🤖 AI Summary
To address severe performance bottlenecks in GNU OpenMP’s fine-grained tasking on multi-socket manycore systems—caused by runtime synchronization overhead—this paper proposes a lightweight, NUMA-aware parallel runtime optimization framework. It introduces a lock-free XQueue task queue to eliminate centralized scheduler contention; a hybrid distributed tree barrier to reduce synchronization latency; and a dual-strategy lock-free load balancing mechanism—combining local work-stealing with cross-NUMA task migration—to dynamically adapt to load imbalance. Evaluated on the BOTS benchmark, the approach achieves up to 1522.8× single-node speedup over GNU OpenMP; integrating dynamic load balancing further improves fine-grained task performance by up to 4×, with order-of-magnitude gains in specific scenarios. The core contribution lies in the first synergistic integration of lock-free task queues, distributed barriers, and NUMA-aware dual-mode load balancing—effectively eliminating global locks and centralized synchronization bottlenecks.
📝 Abstract
Achieving efficient task parallelism on many-core architectures is an important challenge. The widely used GNU OpenMP implementation of the popular OpenMP parallel programming model incurs high overhead for fine-grained, short-running tasks due to time spent on runtime synchronization. In this work, we introduce and analyze three key advances that collectively achieve significant performance gains.
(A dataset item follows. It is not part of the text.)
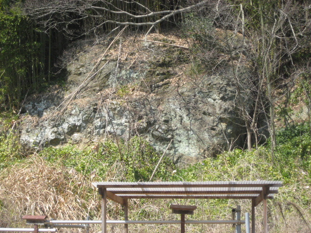 いわゆる蛇紋岩系の岩で、鍋倉や向山など海に面していた岩場に特有のものである。
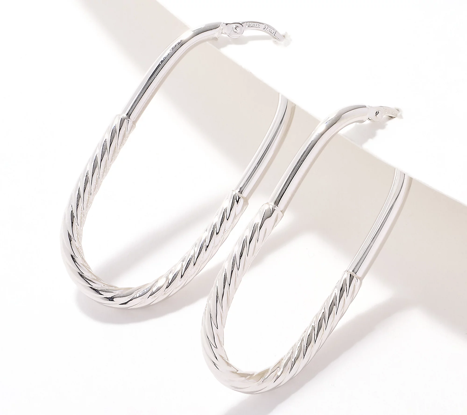 Ready for their style debut, these double texture oval hoop earrings combine a polished finish top with a twist design bottom. From David Markstein.

First, we introduce XQueue, a lock-less concurrent queue implementation to replace GNU's priority task queue and remove the global task lock. Second, we develop a scalable, efficient, and hybrid lock-free/lock-less distributed tree barrier to address the high hardware synchronization overhead from GNU's centralized barrier. Third, we develop two lock-less and NUMA-aware load balancing strategies. We evaluate our implementation using Barcelona OpenMP Task Suite (BOTS) benchmarks. Results from the first and second advances demonstrate up to 1522.8$ imes$ performance improvement compared to the original GNU OpenMP. Further improvements from lock-less load balancing show up to 4$ imes$ improvement compared to GNU OpenMP using XQueue. Through a rich set of profiling and instrumentation tools, we are able to investigate the runtime behavior of GNU OpenMP and improve its performance on fine-grained tasks by many orders of magnitude.